Activity >>
Look below for the line that contains "У ході робіт", then copy it and each following line exactly, through and including the line that contains "2025.9月のお休み".

Given information >>
· · · ·
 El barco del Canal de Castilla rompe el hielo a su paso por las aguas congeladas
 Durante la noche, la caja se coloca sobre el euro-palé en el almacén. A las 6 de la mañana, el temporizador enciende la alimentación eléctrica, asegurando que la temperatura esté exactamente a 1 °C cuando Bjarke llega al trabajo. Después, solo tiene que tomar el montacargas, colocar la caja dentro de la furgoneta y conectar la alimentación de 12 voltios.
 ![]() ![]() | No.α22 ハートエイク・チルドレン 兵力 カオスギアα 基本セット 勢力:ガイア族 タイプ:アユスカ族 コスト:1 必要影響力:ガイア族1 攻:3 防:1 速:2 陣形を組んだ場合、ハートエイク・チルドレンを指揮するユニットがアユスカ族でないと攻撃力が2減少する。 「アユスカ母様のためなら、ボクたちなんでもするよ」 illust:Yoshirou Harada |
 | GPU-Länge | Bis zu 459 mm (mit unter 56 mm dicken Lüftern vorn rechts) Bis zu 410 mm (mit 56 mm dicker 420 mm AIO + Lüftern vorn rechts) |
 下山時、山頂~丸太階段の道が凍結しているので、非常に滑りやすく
· · · ·
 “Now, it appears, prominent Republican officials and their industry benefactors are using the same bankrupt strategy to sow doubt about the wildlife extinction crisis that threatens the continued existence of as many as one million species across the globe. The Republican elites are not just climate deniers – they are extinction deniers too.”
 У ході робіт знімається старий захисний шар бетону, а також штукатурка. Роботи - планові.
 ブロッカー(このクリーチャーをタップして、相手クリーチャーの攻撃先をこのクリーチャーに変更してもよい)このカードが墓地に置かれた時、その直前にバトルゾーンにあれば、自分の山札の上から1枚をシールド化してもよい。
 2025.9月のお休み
· · · ·
Task solution >>
 У ході робіт знімається старий захисний шар бетону, а також штукатурка. Роботи - планові.
 ブロッカー(このクリーチャーをタップして、相手クリーチャーの攻撃先をこのクリーチャーに変更してもよい)このカードが墓地に置かれた時、その直前にバトルゾーンにあれば、自分の山札の上から1枚をシールド化してもよい。
 2025.9月のお休み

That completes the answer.